→ **DESCRIPTION OF THE TASK**
Exact copy without images: repeat every entry as written.

→ **GIVEN ENTRIES**
+---+

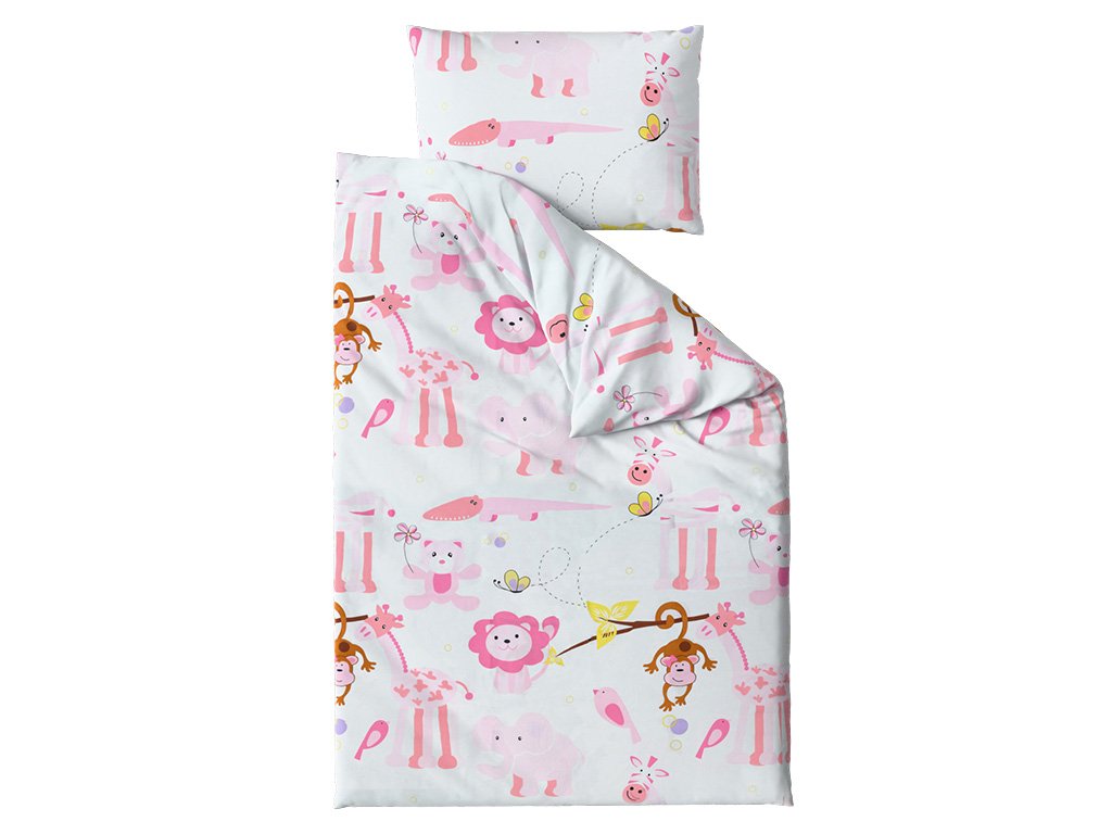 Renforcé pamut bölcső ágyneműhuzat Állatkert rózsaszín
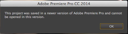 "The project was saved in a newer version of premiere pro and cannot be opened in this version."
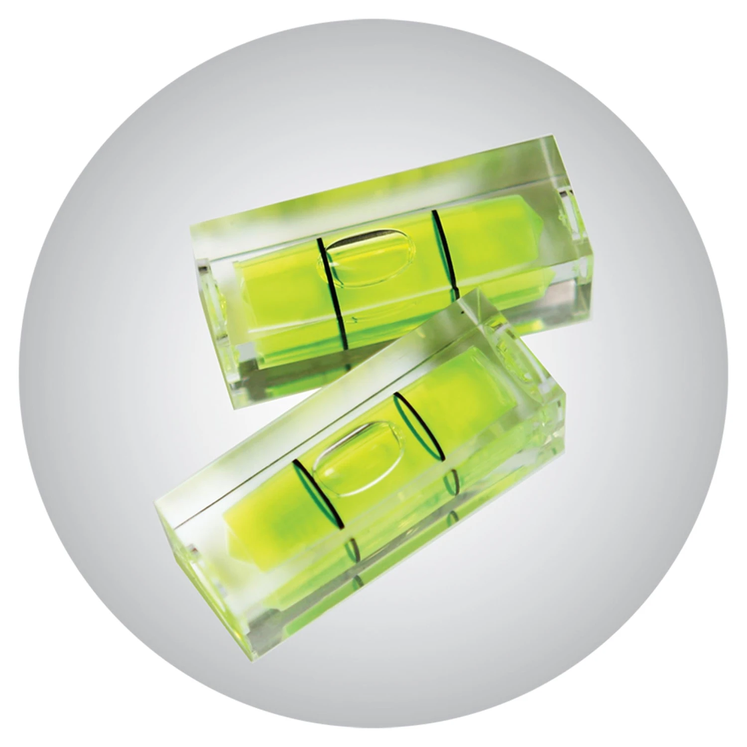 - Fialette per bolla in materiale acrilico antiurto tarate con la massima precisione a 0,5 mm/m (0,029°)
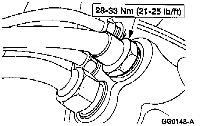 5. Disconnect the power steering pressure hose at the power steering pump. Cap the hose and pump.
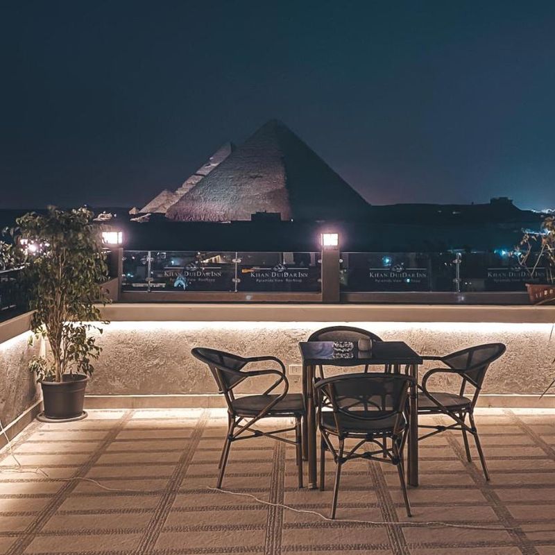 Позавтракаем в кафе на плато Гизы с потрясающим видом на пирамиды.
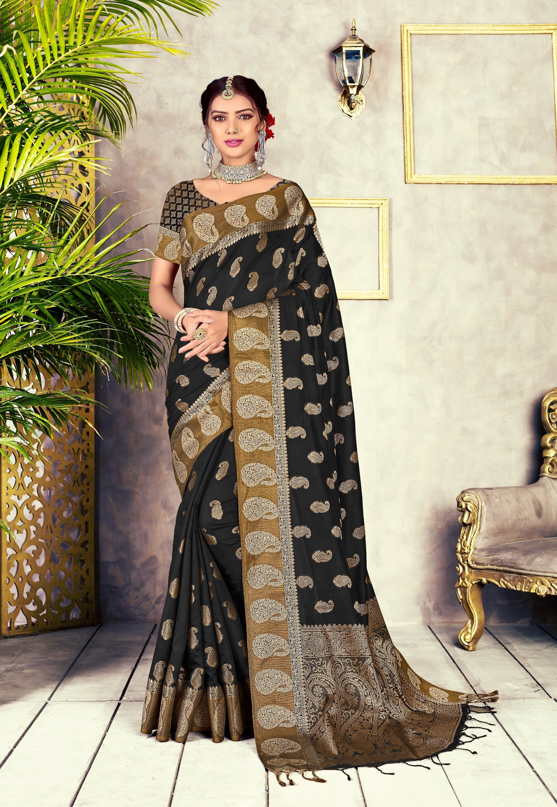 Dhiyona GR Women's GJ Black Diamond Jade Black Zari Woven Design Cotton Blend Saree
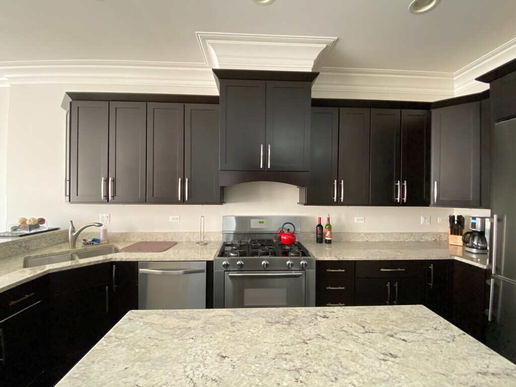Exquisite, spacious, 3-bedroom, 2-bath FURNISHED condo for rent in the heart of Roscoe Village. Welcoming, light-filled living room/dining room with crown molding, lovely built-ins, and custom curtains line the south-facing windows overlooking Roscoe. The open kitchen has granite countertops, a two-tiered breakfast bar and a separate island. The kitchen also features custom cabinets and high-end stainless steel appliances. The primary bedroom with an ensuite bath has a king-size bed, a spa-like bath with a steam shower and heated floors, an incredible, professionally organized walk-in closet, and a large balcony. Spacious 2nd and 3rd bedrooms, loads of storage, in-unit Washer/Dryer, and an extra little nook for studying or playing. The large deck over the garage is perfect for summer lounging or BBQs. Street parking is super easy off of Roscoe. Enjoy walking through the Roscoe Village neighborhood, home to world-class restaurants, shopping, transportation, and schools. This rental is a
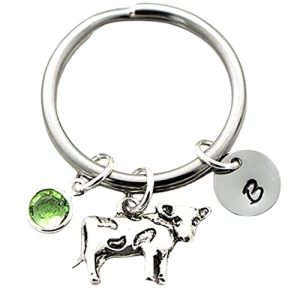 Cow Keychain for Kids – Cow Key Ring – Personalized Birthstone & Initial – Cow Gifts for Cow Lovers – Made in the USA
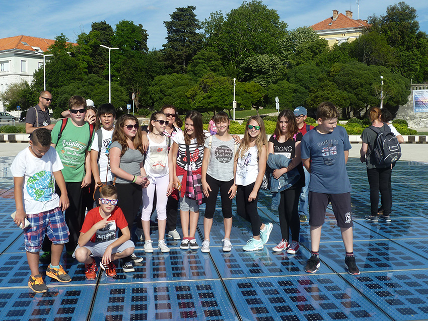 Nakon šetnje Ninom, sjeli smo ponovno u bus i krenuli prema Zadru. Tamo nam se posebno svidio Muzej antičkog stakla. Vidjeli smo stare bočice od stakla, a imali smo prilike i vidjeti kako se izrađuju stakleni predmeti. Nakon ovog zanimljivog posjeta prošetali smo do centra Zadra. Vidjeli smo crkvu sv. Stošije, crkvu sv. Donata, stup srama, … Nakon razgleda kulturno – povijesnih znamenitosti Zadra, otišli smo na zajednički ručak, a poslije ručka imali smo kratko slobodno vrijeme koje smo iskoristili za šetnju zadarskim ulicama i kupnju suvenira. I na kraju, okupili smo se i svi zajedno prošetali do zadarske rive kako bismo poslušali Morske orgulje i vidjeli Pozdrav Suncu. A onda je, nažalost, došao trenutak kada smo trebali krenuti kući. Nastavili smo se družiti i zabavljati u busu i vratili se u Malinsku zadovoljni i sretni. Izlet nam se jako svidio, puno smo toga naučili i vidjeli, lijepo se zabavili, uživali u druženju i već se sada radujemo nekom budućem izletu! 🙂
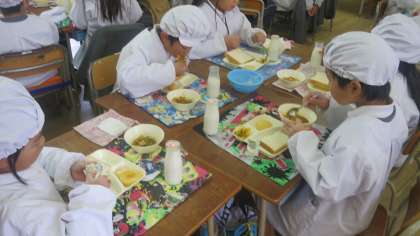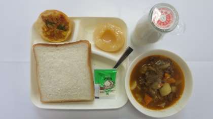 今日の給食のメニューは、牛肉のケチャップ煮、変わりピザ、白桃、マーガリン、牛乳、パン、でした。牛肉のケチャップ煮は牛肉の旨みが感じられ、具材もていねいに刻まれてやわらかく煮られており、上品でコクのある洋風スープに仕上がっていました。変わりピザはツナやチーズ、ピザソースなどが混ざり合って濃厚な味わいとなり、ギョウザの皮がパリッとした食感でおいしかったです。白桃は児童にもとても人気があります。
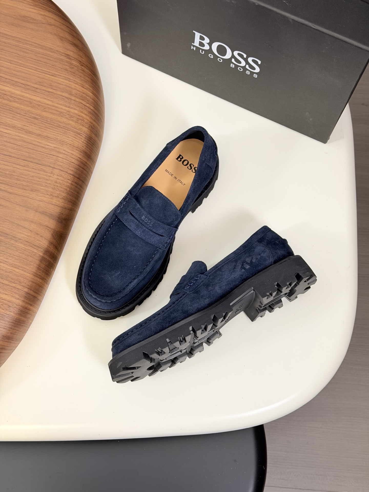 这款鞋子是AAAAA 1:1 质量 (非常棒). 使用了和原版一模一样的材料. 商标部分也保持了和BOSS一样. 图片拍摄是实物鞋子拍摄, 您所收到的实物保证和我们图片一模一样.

+---+

→ **EXERCISE OUTPUT**
 Renforcé pamut bölcső ágyneműhuzat Állatkert rózsaszín
 "The project was saved in a newer version of premiere pro and cannot be opened in this version."
 - Fialette per bolla in materiale acrilico antiurto tarate con la massima precisione a 0,5 mm/m (0,029°)
 5. Disconnect the power steering pressure hose at the power steering pump. Cap the hose and pump.
 Позавтракаем в кафе на плато Гизы с потрясающим видом на пирамиды.
 Dhiyona GR Women's GJ Black Diamond Jade Black Zari Woven Design Cotton Blend Saree
Exquisite, spacious, 3-bedroom, 2-bath FURNISHED condo for rent in the heart of Roscoe Village. Welcoming, light-filled living room/dining room with crown molding, lovely built-ins, and custom curtains line the south-facing windows overlooking Roscoe. The open kitchen has granite countertops, a two-tiered breakfast bar and a separate island. The kitchen also features custom cabinets and high-end stainless steel appliances. The primary bedroom with an ensuite bath has a king-size bed, a spa-like bath with a steam shower and heated floors, an incredible, professionally organized walk-in closet, and a large balcony. Spacious 2nd and 3rd bedrooms, loads of storage, in-unit Washer/Dryer, and an extra little nook for studying or playing. The large deck over the garage is perfect for summer lounging or BBQs. Street parking is super easy off of Roscoe. Enjoy walking through the Roscoe Village neighborhood, home to world-class restaurants, shopping, transportation, and schools. This rental is a
 Cow Keychain for Kids – Cow Key Ring – Personalized Birthstone & Initial – Cow Gifts for Cow Lovers – Made in the USA
 Nakon šetnje Ninom, sjeli smo ponovno u bus i krenuli prema Zadru. Tamo nam se posebno svidio Muzej antičkog stakla. Vidjeli smo stare bočice od stakla, a imali smo prilike i vidjeti kako se izrađuju stakleni predmeti. Nakon ovog zanimljivog posjeta prošetali smo do centra Zadra. Vidjeli smo crkvu sv. Stošije, crkvu sv. Donata, stup srama, … Nakon razgleda kulturno – povijesnih znamenitosti Zadra, otišli smo na zajednički ručak, a poslije ručka imali smo kratko slobodno vrijeme koje smo iskoristili za šetnju zadarskim ulicama i kupnju suvenira. I na kraju, okupili smo se i svi zajedno prošetali do zadarske rive kako bismo poslušali Morske orgulje i vidjeli Pozdrav Suncu. A onda je, nažalost, došao trenutak kada smo trebali krenuti kući. Nastavili smo se družiti i zabavljati u busu i vratili se u Malinsku zadovoljni i sretni. Izlet nam se jako svidio, puno smo toga naučili i vidjeli, lijepo se zabavili, uživali u druženju i već se sada radujemo nekom budućem izletu! 🙂
 今日の給食のメニューは、牛肉のケチャップ煮、変わりピザ、白桃、マーガリン、牛乳、パン、でした。牛肉のケチャップ煮は牛肉の旨みが感じられ、具材もていねいに刻まれてやわらかく煮られており、上品でコクのある洋風スープに仕上がっていました。変わりピザはツナやチーズ、ピザソースなどが混ざり合って濃厚な味わいとなり、ギョウザの皮がパリッとした食感でおいしかったです。白桃は児童にもとても人気があります。
 这款鞋子是AAAAA 1:1 质量 (非常棒). 使用了和原版一模一样的材料. 商标部分也保持了和BOSS一样. 图片拍摄是实物鞋子拍摄, 您所收到的实物保证和我们图片一模一样.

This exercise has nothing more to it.